Naresh R. Shanbhag (Fellow, IEEE) received the Ph.D. degree in electrical engineering from the University of Minnesota, Minneapolis, MN, USA, in 1993. He is currently the Jack Kilby Professor of Electrical and Computer Engineering with the University of Illinois at Urbana-Champaign, Champaign, IL, USA. From 1993 to 1995, he was with AT&T Bell Laboratories, Murray Hill, NJ, USA, where he led the design of high-speed transceiver chip-sets for very high-speed digital subscriber line, before joining the University of Illinois at Urbana-Champaign in August

1995. He has held visiting faculty appointments with National Taiwan University, Taipei, Taiwan, during August-December 2007 and Stanford University, Stanford, CA, USA, during August-December 2014. He holds 13 US patents, is the coauthor of two books and multiple book chapters, and more than 200 publications in his research field, which include the design of energy-efficient systems for machine learning, communications, and signal processing, spanning algorithms, architectures, and integrated circuits. Dr. Shanbhag was the recipient of the 2018 SIA/SRC University Researcher Award, the 2010 Richard Newton GSRC Industrial Impact Award, the IEEE Circuits and Systems Society Distinguished Lecturership in 1997, the National Science Foundation CAREER Award in 1996, and multiple best paper awards. In 2000, he co-founded and was the Chief Technology Officer of the Intersymbol Communications, Inc., which introduced mixed-signal ICs for electronic dispersion compensation of OC-192 optical links, and became a part of Finisar Corporation in 2007. From 2013 to 2017, he was the Founding Director of the Systems on Nanoscale Information fabrics Center, a five-year multi university center funded by DARPA and SRC under the STARnet Program.
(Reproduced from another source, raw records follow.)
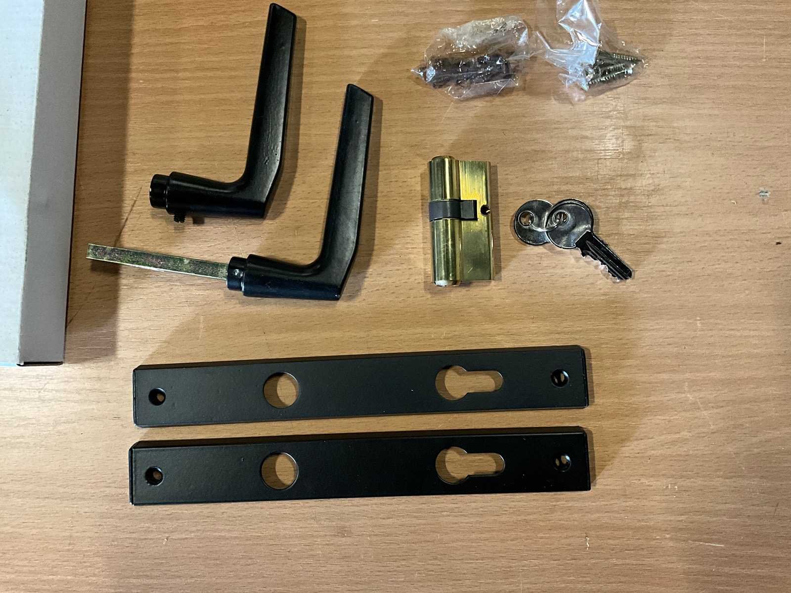 Zwart deurbeslag pc85 v.v. deurklink, cilinder en schild 224x32mm (50x)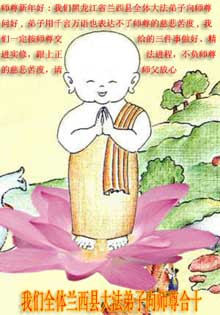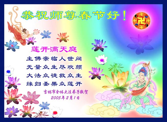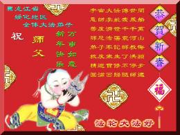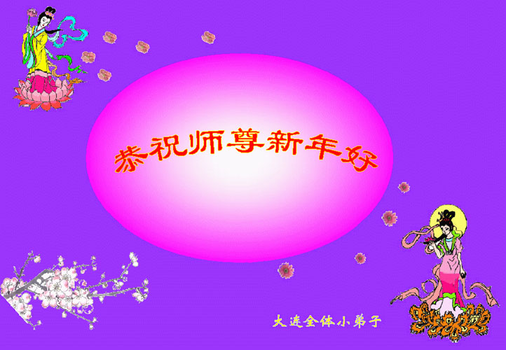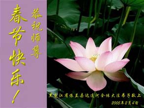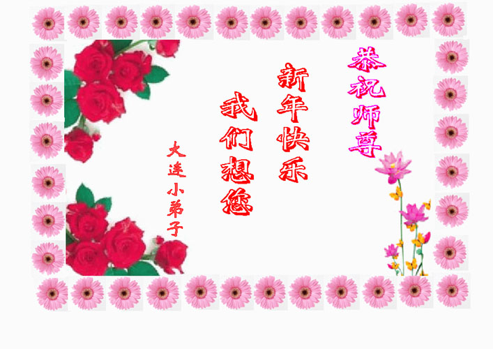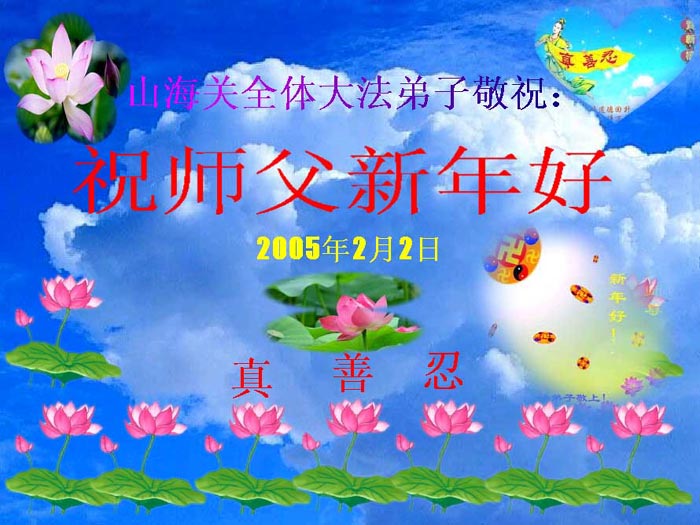 慈悲伟大的师尊,过年好! 在过去的一年,我们的亲朋中,有的默念“法轮大法好!”消除了重病;有的认识了大法,正在成为新的大法学员。新年佳节到来之际,我们代表所有亲朋好友,代表全体德州大法弟子,感谢师尊的慈悲苦度!给师父拜年,合十! 山东省德州市大法弟子 2005年2月4日 深圳大法弟子恭祝师尊新年愉快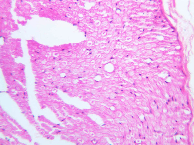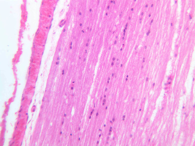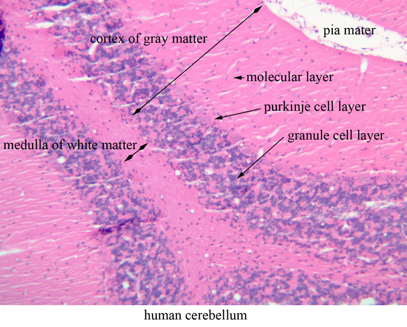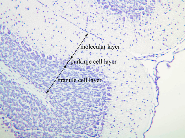 round blue-staining nuclei of very small neurons - the granule cells. The pink-staining band next to the surface contains few nuclei and is called the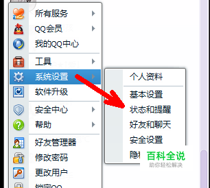 在弹出菜单中点击系统设置选项,然后会弹出一系列的次级菜单,点击状态和提醒选项。

Charbel Sakr (Member, IEEE) received the B.E. degree (with High Distinction) from the American University of Beirut, in 2015, and the M.S. and Ph.D. degrees from the University of Illinois at Urbana-Champaign, Champaign, IL, USA, in 2017 and 2021, respectively. He is currently a Research Scientist with ASIC & VLSI Research Group, NVIDIA. His research interests include resource-constrained machine learning, with a particular focus on analysis and implementation of reduced precision models and algorithms and their co-design with machine learning

accelerator hardware. Dr. Sakr was awarded the Best in Session Award at Techcon 2017 and the Rambus Fellowship from the University of Illinois during 2018-2019 and 2019-2020.